PROVIDED ENTRIES
▼▼▼

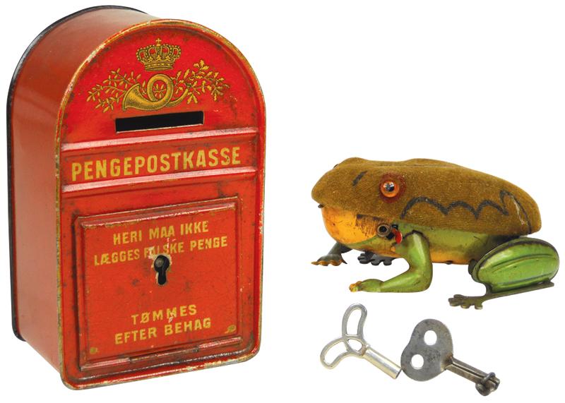 Toys (2), jumping frog, mfgd by Gunthermann-Germany, frog leans forward & does flips, cloth over tin w/glass eyes, VG working cond w/key, 4"L & Pengepostkasse, litho on tin German post office box, VG cond, 5"H x 3"W.
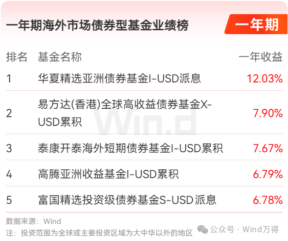 海外市场债券型基金业绩榜
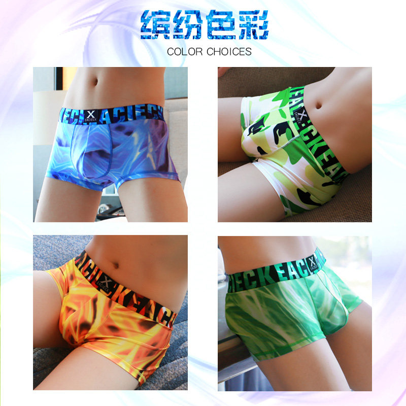 One or two sets of ice silk printed men's underwear trend student sports comfortable loose large size mid-waist boxer trousers
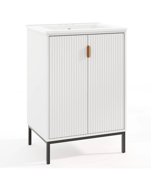 Casainc 24" Modern Bathroom Vanity with Ceramic Sink, Solid Wood Frame & Open Shelf
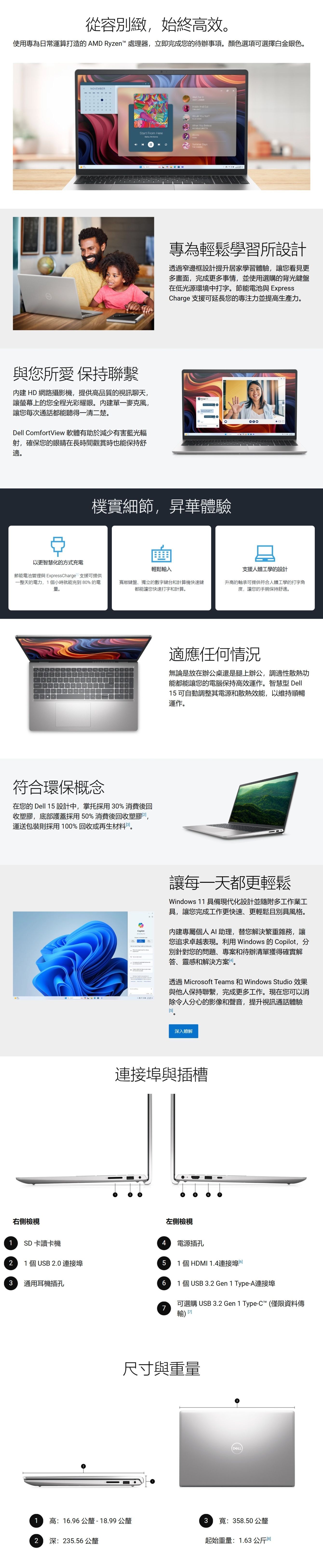 [商品規格]型號:DC15255-R1508STW處理器:AMD Ryzen™ 5 7530U 6-核 含 Radeon™ 顯卡作業系統:Windows 11 家用版視訊卡:AMD Radeon™ 顯示卡顯示器:15.6吋, 非-觸控, FHD, 120Hz, WVA, IPS, 防眩光, 250 nits, LED 背光記憶體 :16GB: 1x16GB, DDR4, 3200 MT/s儲存:512 GB, M.2, PCIe NVMe, 固態碟外殼:銀河星跡 (塑膠)照相機:720p (30 fps),HD 攝影機鍵盤:繁體中文 背光 鍵盤 含 數字鍵台音效與喇叭:立體聲喇叭,2W x 2 = 共 4W網卡(NIC) :Realtek Wi-Fi 5 RTL8821CE, 1x1, 802.11ac, MU-MIMO, 藍牙® 無線卡主要電池:3 芯電池, 41 瓦時, 整合電源:65 瓦特交流電源適配器掌托:白金銀掌托不含指紋辨識器連接埠:1 個 USB 2.0 連接埠1 個 通用耳機插孔1 個 電源插孔1 個 HDMI 1.4連接埠1 個 USB 3.2 Gen 1 Type-A連接埠1 個 可選購 USB 3.2 Gen 1 Type-C™ ( 僅限資料傳輸)插槽:1 個 SD 卡讀卡機尺寸與重量:高 :16.96 公釐-18.99 公釐寬:358.50 公釐深:235.56 公釐起始重量: 1.63 公斤貨源:公司貨保固:Dell Care Plus 含 硬體 & 軟體1-2 營業日 到府 於遠端診斷後, 24 個月意外損壞服務 :None*** 請注意:本機不含 Microsoft® Office 授權/需自行另購 ***< 文案中相關圖文及說明,僅供參考,規格配置依機型不同有所差異,請以實際商品為準 >
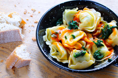 Ravioli with tomato sauce, spinach and parmesan cheese. Healthy eating. Vegetarian food. Italian cuisine
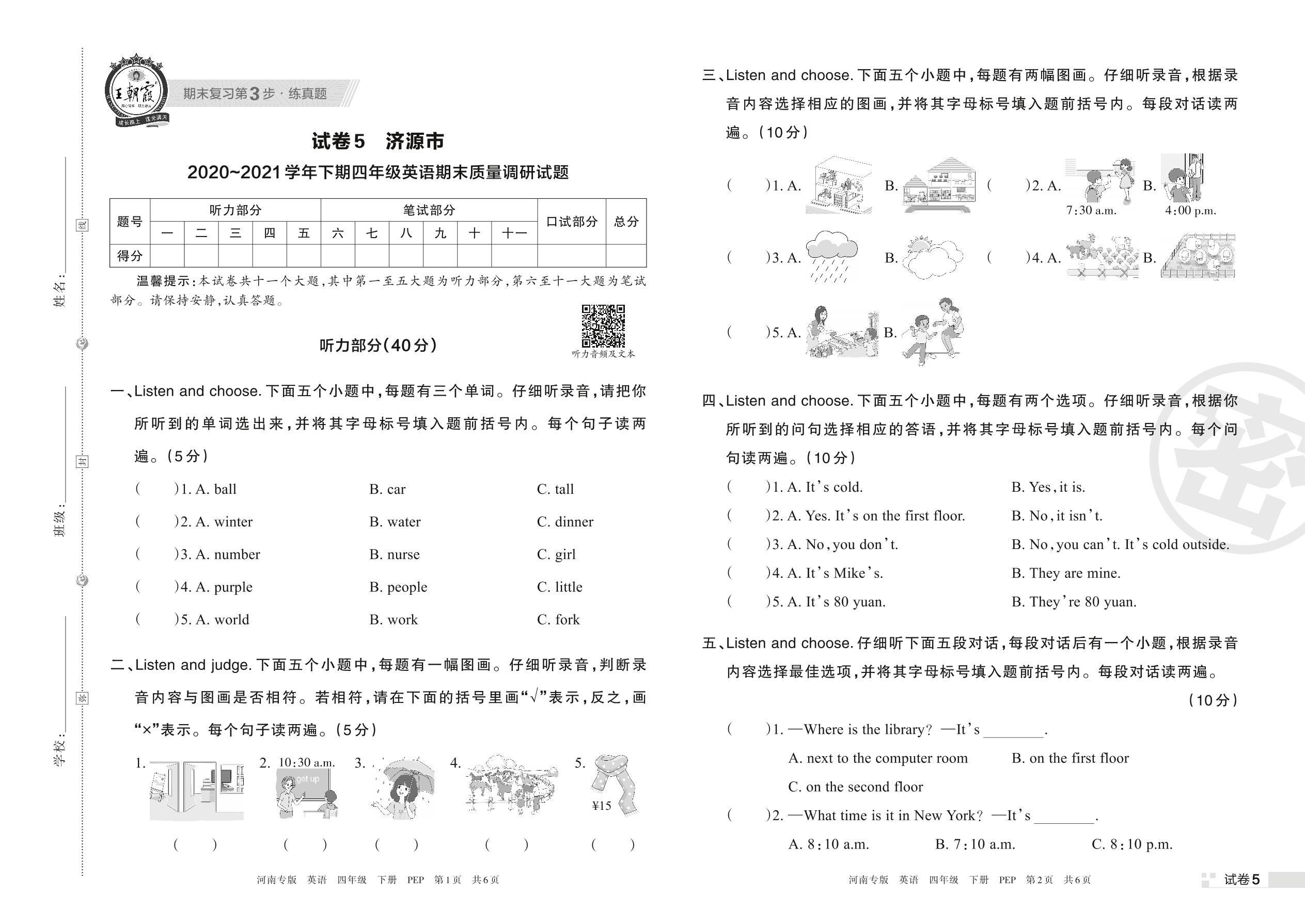 济源市2020~2021学年下期四年级英语期末质量调研试题(PEP版)【5】
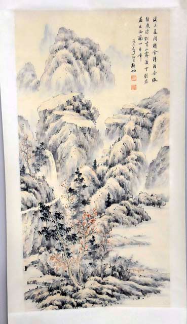 With signature Qi Gong. Approx. 19' x 38". Artist's name not guaranteed. Please read our terms of sale.
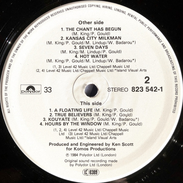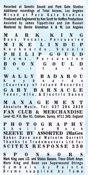 Mixed at Park Gate Studios, mastered at A & M, Los Angeles.

▲▲▲

Reproduce the entries above exactly, without images.

 Toys (2), jumping frog, mfgd by Gunthermann-Germany, frog leans forward & does flips, cloth over tin w/glass eyes, VG working cond w/key, 4"L & Pengepostkasse, litho on tin German post office box, VG cond, 5"H x 3"W.
 海外市场债券型基金业绩榜
 One or two sets of ice silk printed men's underwear trend student sports comfortable loose large size mid-waist boxer trousers
 Casainc 24" Modern Bathroom Vanity with Ceramic Sink, Solid Wood Frame & Open Shelf
 [商品規格]型號:DC15255-R1508STW處理器:AMD Ryzen™ 5 7530U 6-核 含 Radeon™ 顯卡作業系統:Windows 11 家用版視訊卡:AMD Radeon™ 顯示卡顯示器:15.6吋, 非-觸控, FHD, 120Hz, WVA, IPS, 防眩光, 250 nits, LED 背光記憶體 :16GB: 1x16GB, DDR4, 3200 MT/s儲存:512 GB, M.2, PCIe NVMe, 固態碟外殼:銀河星跡 (塑膠)照相機:720p (30 fps),HD 攝影機鍵盤:繁體中文 背光 鍵盤 含 數字鍵台音效與喇叭:立體聲喇叭,2W x 2 = 共 4W網卡(NIC) :Realtek Wi-Fi 5 RTL8821CE, 1x1, 802.11ac, MU-MIMO, 藍牙® 無線卡主要電池:3 芯電池, 41 瓦時, 整合電源:65 瓦特交流電源適配器掌托:白金銀掌托不含指紋辨識器連接埠:1 個 USB 2.0 連接埠1 個 通用耳機插孔1 個 電源插孔1 個 HDMI 1.4連接埠1 個 USB 3.2 Gen 1 Type-A連接埠1 個 可選購 USB 3.2 Gen 1 Type-C™ ( 僅限資料傳輸)插槽:1 個 SD 卡讀卡機尺寸與重量:高 :16.96 公釐-18.99 公釐寬:358.50 公釐深:235.56 公釐起始重量: 1.63 公斤貨源:公司貨保固:Dell Care Plus 含 硬體 & 軟體1-2 營業日 到府 於遠端診斷後, 24 個月意外損壞服務 :None*** 請注意:本機不含 Microsoft® Office 授權/需自行另購 ***< 文案中相關圖文及說明,僅供參考,規格配置依機型不同有所差異,請以實際商品為準 >
 Ravioli with tomato sauce, spinach and parmesan cheese. Healthy eating. Vegetarian food. Italian cuisine
 济源市2020~2021学年下期四年级英语期末质量调研试题(PEP版)【5】
 With signature Qi Gong. Approx. 19' x 38". Artist's name not guaranteed. Please read our terms of sale.
 Mixed at Park Gate Studios, mastered at A & M, Los Angeles.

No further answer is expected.